Hidden cameras, blunt advice (from the hosts), mirrors, trash cans, some crying (from the contestants), a pocket full of cash, and several days in New York City conspire to transform formerly slovenly — albeit comfortable — individuals into sophisticated and stylish fashion plates.

The entire show can be summed up with this:

Want to look better? Stop doing this. Start doing this.

I find that many of the principles from the show should be applied to real life.

Too often, we buy into worthless (or dangerous) judgments, and stuff our closets full of other people’s ideas that don’t fit, look ridiculous, and waste our time.

We make plans and take actions based on what we think others may be thinking about us or how they might interpret about our intentions.

While our “friends,” family members, and colleagues hang their expectations, whims, and ideas in our lives,  we second-guess our decisions, question our own motives, and plan elaborate communication strategies to avoid confrontation.

We accessorize with activities and phrases and ideas hoping others will accept us.

And at the end of the day, we lie exhausted on a pile of mismatched, ill-fitting, meaningless garments — a collection of other people’s “stuff” — that we never should have bought in the first place. (And at the very least, should never have worn in public!)

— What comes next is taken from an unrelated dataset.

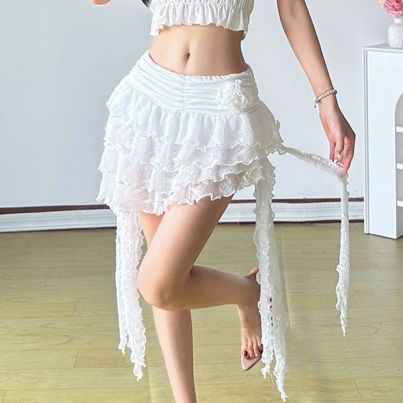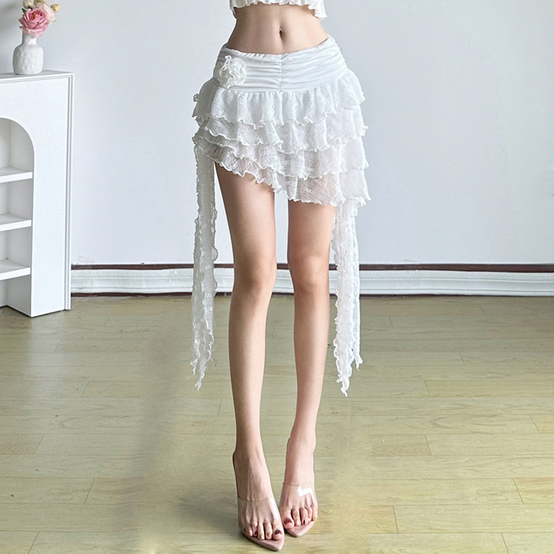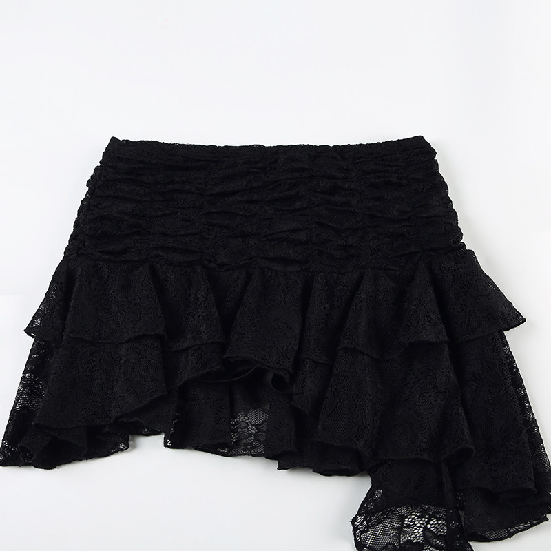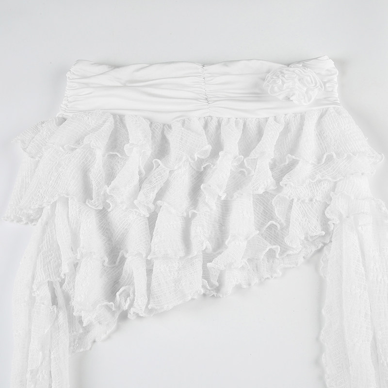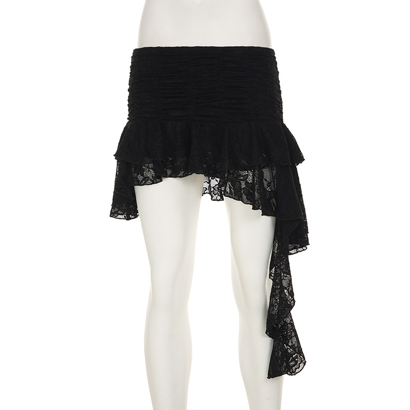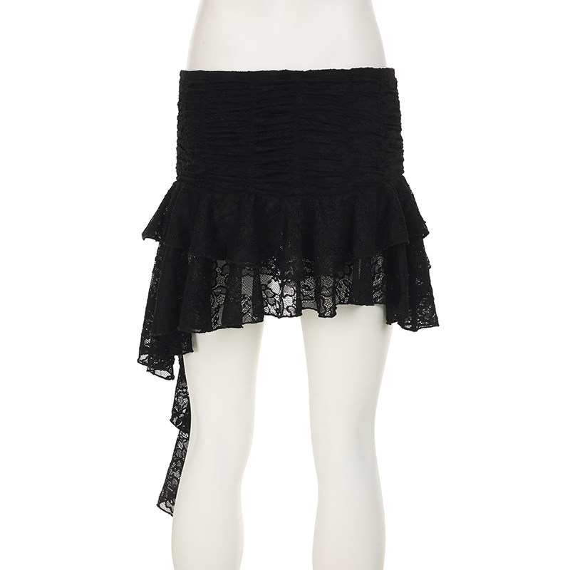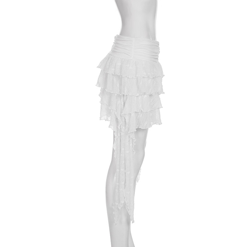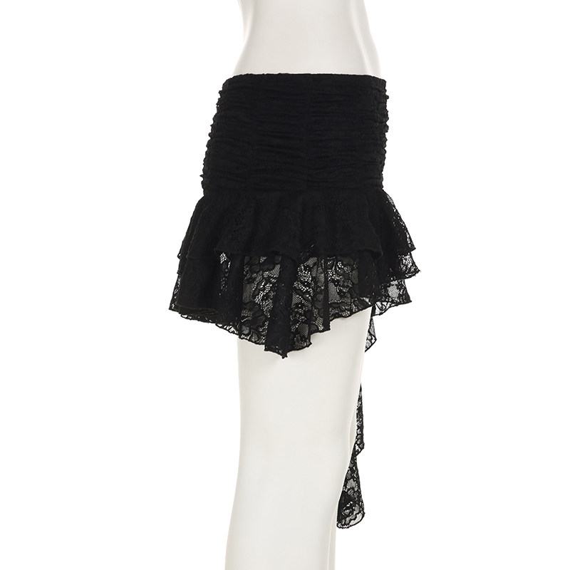 ROCKMORE [Pure Sexy] Юбка с рюшами и лентой нерегулярного края, узкая юбка трапециевидной формы с заниженной талией

It’s time for an intervention!  Take a look in the mirror.  Stop letting other people trash your life.

Wheel in the garbage cans.  Throw out your insecurities. Discard the notion that your value is determined by others. Rip up the conception that you have to live your life based on what you think someone else may be thinking about you.  You look ridiculous. And, honey, you can’t be comfortable in those outfits!

It’s time for change. Follow your heart. Stand by your convictions. Confidently make decisions that are right for you — become comfortable in your own skin.

As Euripides said, “There is just one life for each of us: our own.”

Whatever you are, stop apologizing for who you are and start living YOUR life.